Dans l’esprit du cinéaste militant qu’est Mograbi, au jeu des correspondances historiques, la référence à Massada sied bien davantage à la situation des Palestiniens qu’à celle des Israéliens (comparaison largement usitée d’ailleurs, puisque, en avril 2002 déjà, le quotidien israélien Yediot Aharonot écrivait : « Pour les Palestiniens, le camp de réfugiés [de Jénine] est comme Massada. Ils sont déterminés à ne pas céder et n’ont pas l’intention de se rendre… »). Le montage parallèle que met en place Mograbi construit un double rapport entre les scènes à Massada et celles tournées aux checkpoints des territoires palestiniens occupés. D’un côté, les soldats israéliens semblent rejouer le mythe de la résistance à l’ennemi ; de l’autre, les Palestiniens semblent l’actualiser. D’un côté, le « complexe de Massada » auto-entretenu par les abus de mémoire et disproportionné au regard du rapport de force réel ; de l’autre, le « syndrome de Massada » alimenté par les humiliations orchestrées au quotidien par l’armée israélienne (ce sont d’ailleurs les scènes les plus édifiantes du film, souvent tournées par Mograbi au cours de manifestations militantes auxquelles il participe lui-même, séquences quasi en temps réel et sans voix off qui permettent de mesurer l’écart avec les reportages télévisés).
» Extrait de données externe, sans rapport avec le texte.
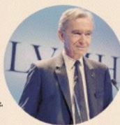
Bernard Arnault. Presidente e CEO di Lvmh

Dinastie Lvmh, Arnault blinda il patrimonio più ricco del mondo con un'acclamata e una data chiave

Au fil du récit, les guides de Massada en viennent au dénouement tragique du suicide collectif des zelotes, tandis que les séquences des checkpoints gagnent en violence verbale et décisions arbitraires. Mograbi construit bien son film sur cette double tension grandissante mais, s’il ne s’intéresse pas ici aux violences physiques qu’elle entraîne, il ne la laisse pas en suspens pour autant. Dans une scène finale, il l’incarne lui-même et la fait exploser : caméra à l’épaule, il insulte les militaires israéliens qui refusent, à un barrage, de laisser passer des enfants. Entre sa propre incapacité à échapper à la haine et sa difficulté à trouver les mots justes pour réconforter son ami palestinien au téléphone, Mograbi dresse aussi, dans son film, un autoportrait honnête : il affirme sa subjectivité dans toute sa complexité et ses faiblesses, mais il se donne également les moyens de la comprendre et de la faire comprendre aux autres, esquissant ainsi un espace de dialogue possible.

Sébastien Galceran

  1. Massada, histoire et symboles, M. Hadas-Lebel, Albin Michel.